1) Set your Enter key to send CR-LF, at least for this operation.
That's half your problem solved.
2) Send the request like this:

Content-type: application/json

{"msgtype": "echo-req", "opid": 3487547843}

Then shut down your end of the connection, probably with Ctrl-D. I'm
fairly sure I can type that without bugs, and any compliant HTTP
server should be fine with it.

> >> Finally, couldn't any whitespace character work as a terminator? Yes,
> >> it could, but it would force you to use a special JSON parser that is
> >> prepared to handle the self-delineation. A NUL gives you many more
> >> degrees of freedom in choosing your JSON tools.
> >
> > Either non-delimited or newline-delimited JSON is supported in a lot
> > of tools. I'm quite at a loss here as to how an unprintable character
> > gives you more freedom.
> As stated by Paul in another context, newline-delimited is a no-go
> because it forces you to restrict JSON to a subset that doesn't contain
> newlines (see the JSON example above).
> Of course, you could say that the terminating newline is only
> interpreted as a terminator after a complete JSON value, but that's not
> the format "supported in a lot of tools".

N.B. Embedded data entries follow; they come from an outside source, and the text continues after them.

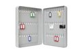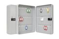Die kompakten Schlüsselschränke sind mit einem Sicherheitsschloss ausgestattet, das über einen 3-stelligen Zahlencode individuell einstellbar ist. Damit kann auch einer größeren Anzahl von Nutzern der Zugriff gewährt und jederzeit korrigiert werden, ohne dass Schlüssel notwendig sind. Gefertigt aus robustem, pulverbeschichtetem Stahlblech mit mattierter, unempfindlicher Oberfläche. Die feststehenden Hakenleisten können mit den beigefügten selbstklebenden Nummernstreifen gekennzeichnet werden.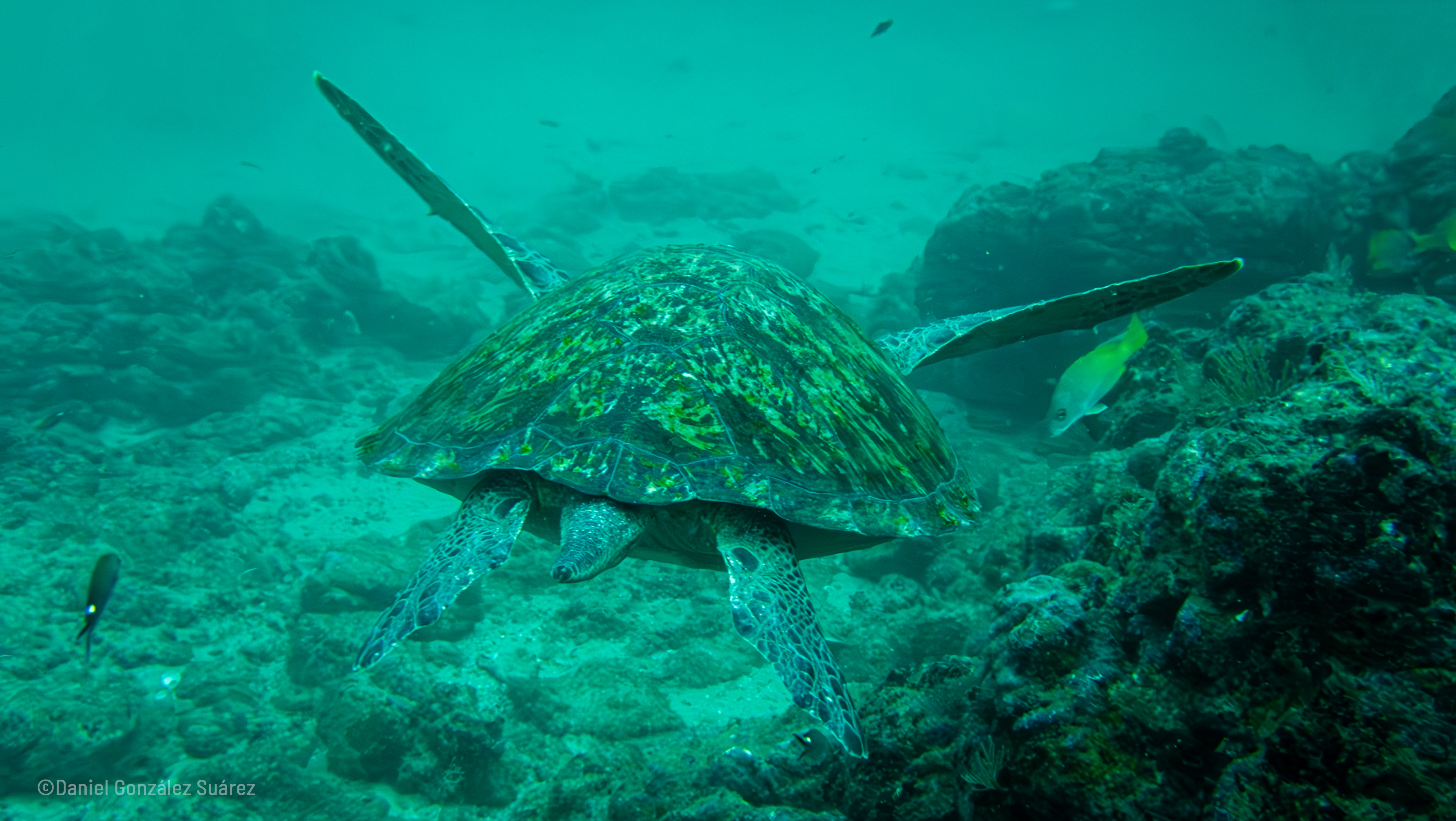 While diving, I’ve seen turtles before but this dive had the most amount of sea turtles I’ve seen! I think I saw two species: the green sea turtle Chelonia mydas and the critically endangered hawksbill turtle Eretmochelys imbricata. The pictures I took of the hawksbill turtle weren’t good and a thing that didn’t help was that other divers from the group were lifting sand with their fins. It’s important to get your buoyancy right!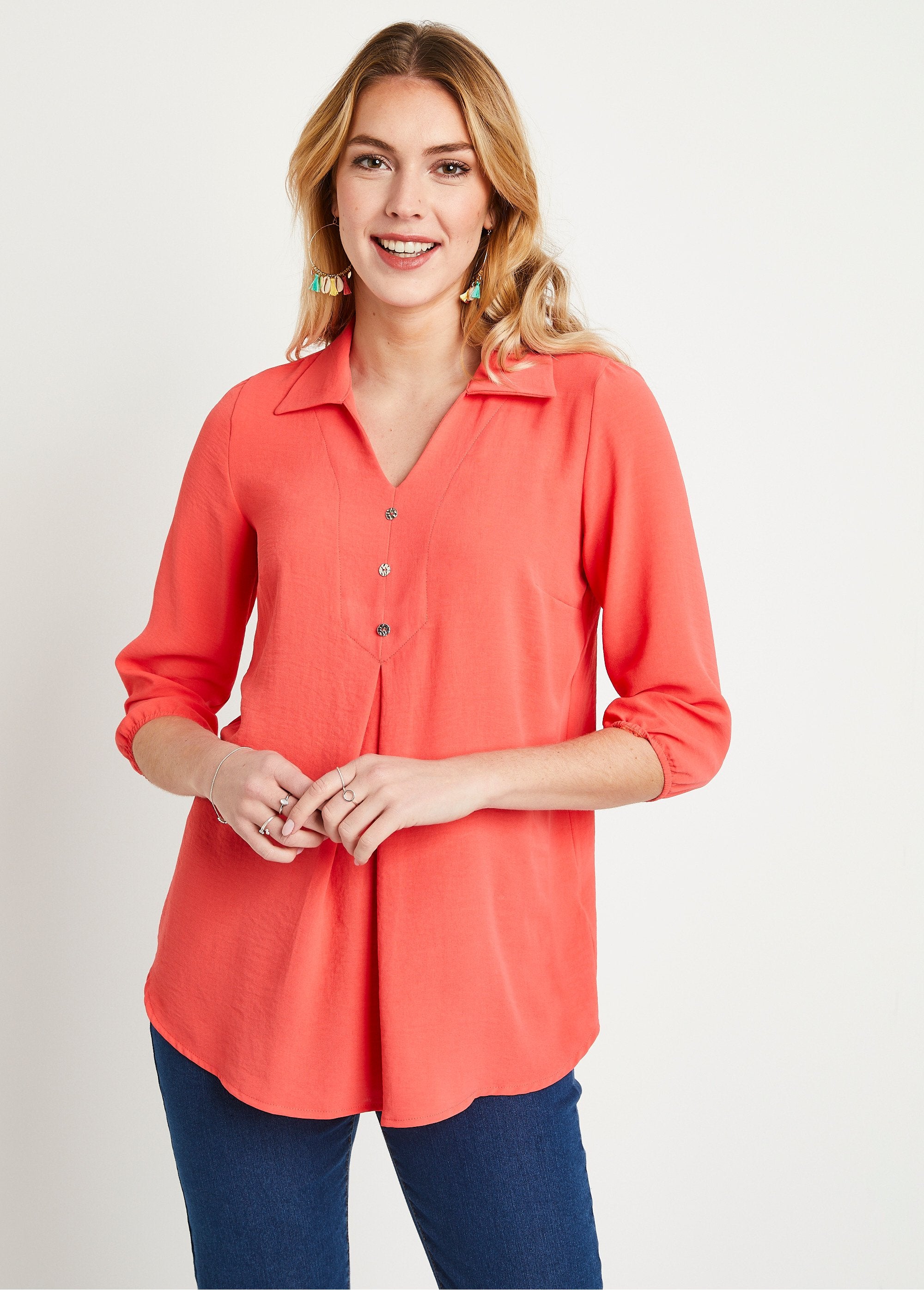 With its cool look without being too casual, the 3/4 sleeve tunic has a great style with a simple, but effective cut. Its shirt collar is open in a V with a false button front. And to give it fullness: a box pleat at the front and another under the middle cutout at the back. French made.

The subset in question is simply "JSON without any newlines between
tokens", which has the exact meaning as it would have *with* those
newlines. So what you lose is the human-readability of being able to
break an object over multiple lines. Is that a problem? Use
non-delimited instead.

> If you use any legal JSON character as a terminator, you have to make it
> contextual or add an escaping syntax.

Or just use non-delimited, strip all whitespace between objects, and
then special-case the one otherwise-ambiguous situation of two Numbers
back to back. Anything that sends newline-delimited JSON will work
with that.

> > I get it: you have a bizarre set of tools and the normal solutions
> > don't work for you. But you can't complain about the tools not
> > supporting your use-cases. Just code up your own styles of doing
> > things that are unique to you.
> There are numerous tools that parse complete JSON documents fine.
> Framing JSON values with NUL-termination is trivial to add in any
> programming environment. For example:
>    def json_docs(path):
>        with open(path) as f:
>            for doc in f.read().split("\0")[:-1].
>                yield json.loads(doc)

Yes, but many text-processing tools don't let you manually insert
NULs. Of *course* you can put anything you like in there when you
control both ends and everything in between; that's kinda the point of
coding. But I'm going to use newlines, and parse as non-delimited,
since that can be done just as easily (see my example code earlier -
it could be converted into the same style of generator as you have
here and would be about as many lines), since that will behave as text
in most applications.